Tuesday, March 30, 2010

Burnt Peanut Butter...

It’s funny how when you live somewhere you don’t realize how much it stinks…well…that is if the smell means something to you. I lived for years out past the potato processing plant…when it was French fry day…it was glorious…when it wasn’t…UGHHH!!! I’ve lived on feedlots…where the smell of manure still smells like home (in moderation of course)… I lived near a meat processing plant…where in addition to watching the entrails fall off the conveyer belt, the smell on a hot July day was enough to make you gag… I lived near the cheese factory…and even when I worked there years later I still had problems not losing my lunch on certain days… But I never gave much thought to the sugar beet factory as a source of negative odors…that is until I went to college and everyone complained about it: “It smells like burnt peanut butter.” I have to admit, that after they said that…I closed my eyes in the midst of the next campaign…and I could indeed envision (or is the right word “ensmell”) burnt peanut butter…and it was refreshing and full of memories.

My granddad worked at the sugar beet factory in some fashion or another for over forty years. The smell of campaign…that offended so many delicate olfactory senses…was and still is one of the best remembered smells from my childhood. Granddad was…to a little boy…a towering man…his hands were huge…and his feet even bigger. I remember hiding from him more often than not when I was young…usually because my cousins and I had done something wrong. It’s funny to look back on now…because Granddad wasn’t the one we were most afraid of…I’ll have to tell you about Grandma sometime…

Even though he dropped out of high school to raise a family, he is one of the most knowledgeable people I know. Granddad always had the Discovery Channel on the television…and was a subscriber to every Time-Life book series available…and he had a state-of-the-art wood shop (at least it was to me) where he taught us how to build book cases and rubber-band guns… I learned so much from working alongside Granddad…and have forgotten more than I’d care to admit.

When I was eleven, I skipped school…at least to my recollection…and got to go with Granddad to work at the sugar beet factory. The task at hand that day: band the baby Peregrine Falcons nested at the top of the towers at the factory. I know that the Fish & Game was there…and I think one of the news stations too…but all I remember was Granddad. I was too afraid to admit to him that I was afraid of heights and that the elevator ride to the top of the towers about made me hyperventilate.

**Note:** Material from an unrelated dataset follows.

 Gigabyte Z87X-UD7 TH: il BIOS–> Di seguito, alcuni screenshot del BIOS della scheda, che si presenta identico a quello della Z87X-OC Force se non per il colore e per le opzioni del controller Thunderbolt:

My job that day was to video-tape the event…not professionally, but just for posterity sake. I had a monster VHS recorder that was bigger than I could manage easily. So there I was…standing higher than I had EVER been in my life from the ground…literally shaking. I zoomed in on the nesting box as they banded the young falcons. I had a great camera angle…one of the Fish & Game guys pointed to the sky and I followed his hand…the camera still zoomed in. I still don’t know how I was able to find what he was pointing at…let alone at full zoom, but soon enough the camera caught an adult Peregrine Falcon in full dive mode…

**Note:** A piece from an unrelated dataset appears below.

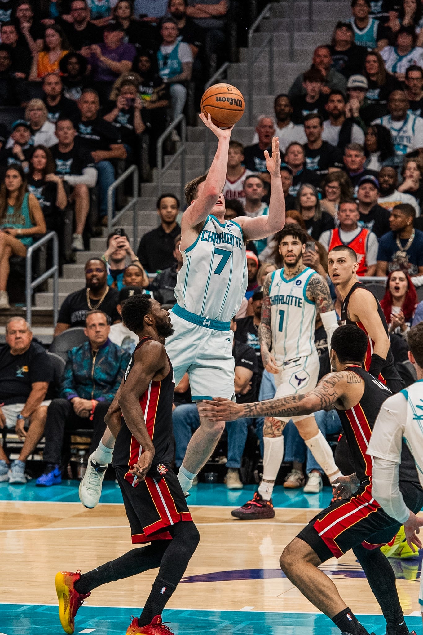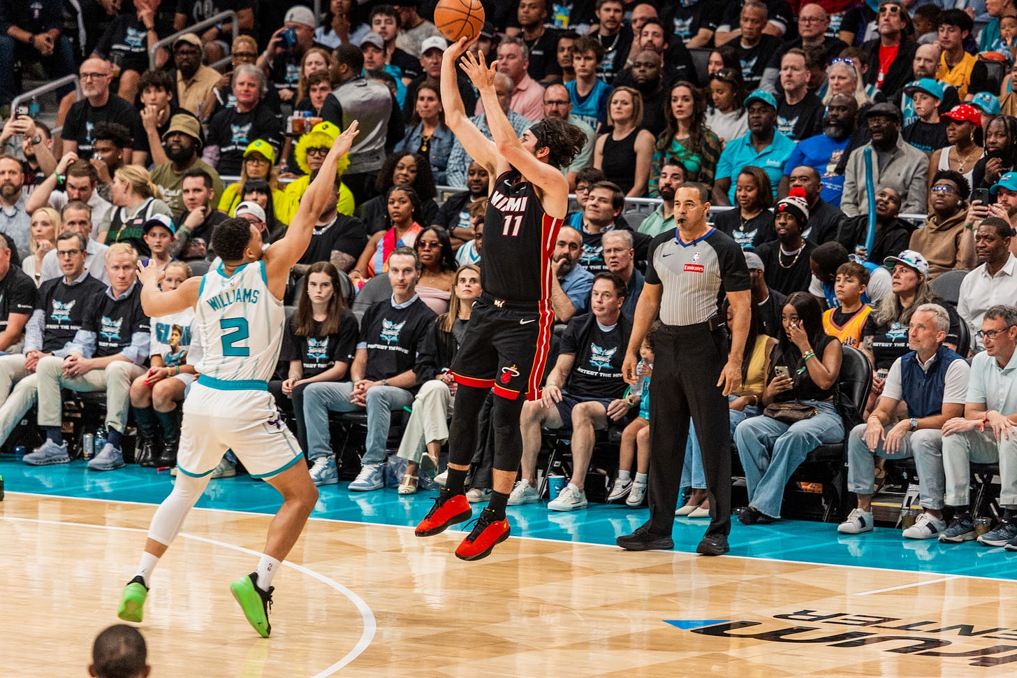 The first half was a back and forth affair, with the Hornets going up 26-18 late in the 1st quarter before Miami closed the period on a 6-0 run to draw within two points heading into the 2nd quarter. Barely a minute of game time later, Miami suffered a serious blow when an injured Bam Adebayo left the game for good at the 10:58 mark after Ball appeared to grab his ankle while lying on the ground, causing Adebayo to fall hard to the court. Brandon Miller then picked up his third foul on an illegal screen with 9:09 and sat the rest of the half, which ended with the Heat holding a slim 54-52 lead.

Being the nerd I was…and having great ornithology field training from my dad, I knew that a Peregrine Falcon in dive was the fastest animal on the planet…at over 200 mph. To say I panicked would be an understatement…I’m eleven…standing atop the highest structure around…of course I forgot to pee before we came up…and through the viewfinder of a VHS recorder I see Mama Falcon coming straight for me and break away at the last second… I’m not really sure how, but the next thing I know my back hit the floor…the video camera still pointed up… My eyes broke away for my first plain-sight view of the magnificent creature…she was at least 10x farther away than I thought…well out of dive-bombing range… I remember Granddad looking at me and laughing (in only the way he could) and saying, “What are you doing on your back?” I gathered myself up and restarted the video-taping…though at that point they were essentially done.

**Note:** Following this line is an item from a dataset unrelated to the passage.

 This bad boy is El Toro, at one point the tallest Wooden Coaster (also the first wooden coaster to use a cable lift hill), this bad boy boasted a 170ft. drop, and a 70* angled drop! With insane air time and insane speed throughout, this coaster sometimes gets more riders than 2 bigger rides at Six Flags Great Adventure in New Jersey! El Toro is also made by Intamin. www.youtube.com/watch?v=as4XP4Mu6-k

I have rarely felt as much relief as when my feet touched solid ground that day…and soon got excited to relive the moment of my near-death experience. I checked the camera…and was disappointed beyond all description. The only footage on the tape was about 15 minutes…after the babies had been banded and my dive-bombing episode. I realized that the entire time prior to me hitting the deck and falling on my back, I hadn’t pushed REC. I was embarrassed…ashamed…I’d missed my chance to document the day. I didn’t really talk about my disappointment, but I’m sure Granddad could read it. To his credit he never said a word about the video. I never knew if that was because it meant more to me than to him…or if he was just sparing my emotions…but the one thing he made clear was that he was glad to have me along for the adventure.

My granddad was…and still is to some extent…a man of little words when it comes to emotions…a trait that he has passed on well through my father and me. But I am grateful for the fact that while he doesn’t say it all the time…you know, just by being near him, that he loves you…what he doesn’t share out loud, he wears on his sleeve.

Today I live just a couple miles from that sugar beet factory… when I drive by, I make sure that my girls are reminded that Granddad worked at the factory…even though they think it stinks. And every now and then, when the wind blows just right, I catch a sniff of that “burnt peanut butter” and think of Granddad…a smile crosses my face and I send a prayer his way.